Hey folks. I’m new to Julia, and loving every aspect of it… except for ways of splitting code over multiple files and folders. There, I swiftly discovered that existing ways just don’t really seem to cut it.
Fundamentally, you have to deal with issues of files being included multiple times. Solutions to this problem (only including files once; using header guards; only including at the top-level) makes tracking dependencies harder to reason about (only including once), entail extra maintenance work (header guards), or pollute namespaces (including at top-level).
It’s said that code is read more than it is written, so easy-to-understand code is important. This definitely isn’t the easy-to-use import system that it could be. (Contrast e.g. Python – whose import system has a couple warts, but does generally get the job done.)

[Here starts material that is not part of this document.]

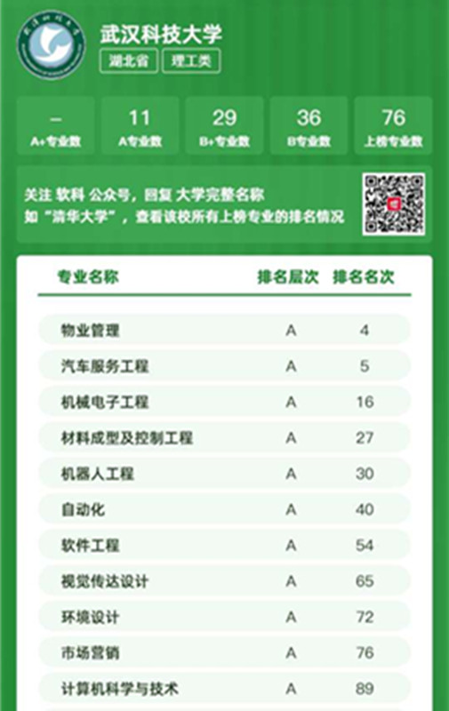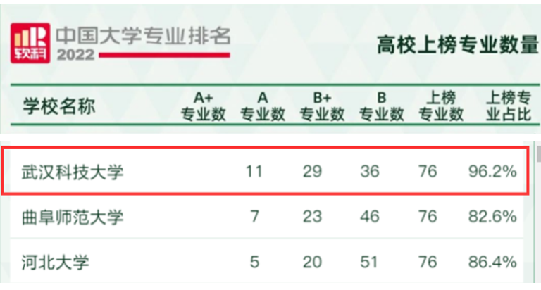 武科大网讯(记者李芳)6月18日,软科发布2022中国大学专业排名,我校76个专业上榜,11个上榜A专业,上榜专业占比96.2%。我校A专业数和上榜专业占比居湖北省属高校第一。

Fortunately, Julia’s incredible metaprogramming offers a solution. A little bit macro magic later, I’ve put together PatModules.jl. (I’m not great at names… .) It’s a deliberately minimal attempt to fix the greatest pain points, without trying to do anything too clever: after macro expansion it should look like normal Julia code. Its core design goal is to make it so that you never have to write include ever again, and in doing so avoid these various issues.
So: thoughts, feedback? Obviously folks have been getting by so far without anything like this, but at least speaking for myself it’s made my code a lot easier to reason about.
My impression is that in practice, very closely related files are typically joined via include. E.g. a module A might look like
end # module
and anyone outside of module A who needs A functionality would/should just using A. But I suppose this is the two-step process you mention in the readme (very well written, by the way), and for complicated modules perhaps the ordering of import statements can be tricky.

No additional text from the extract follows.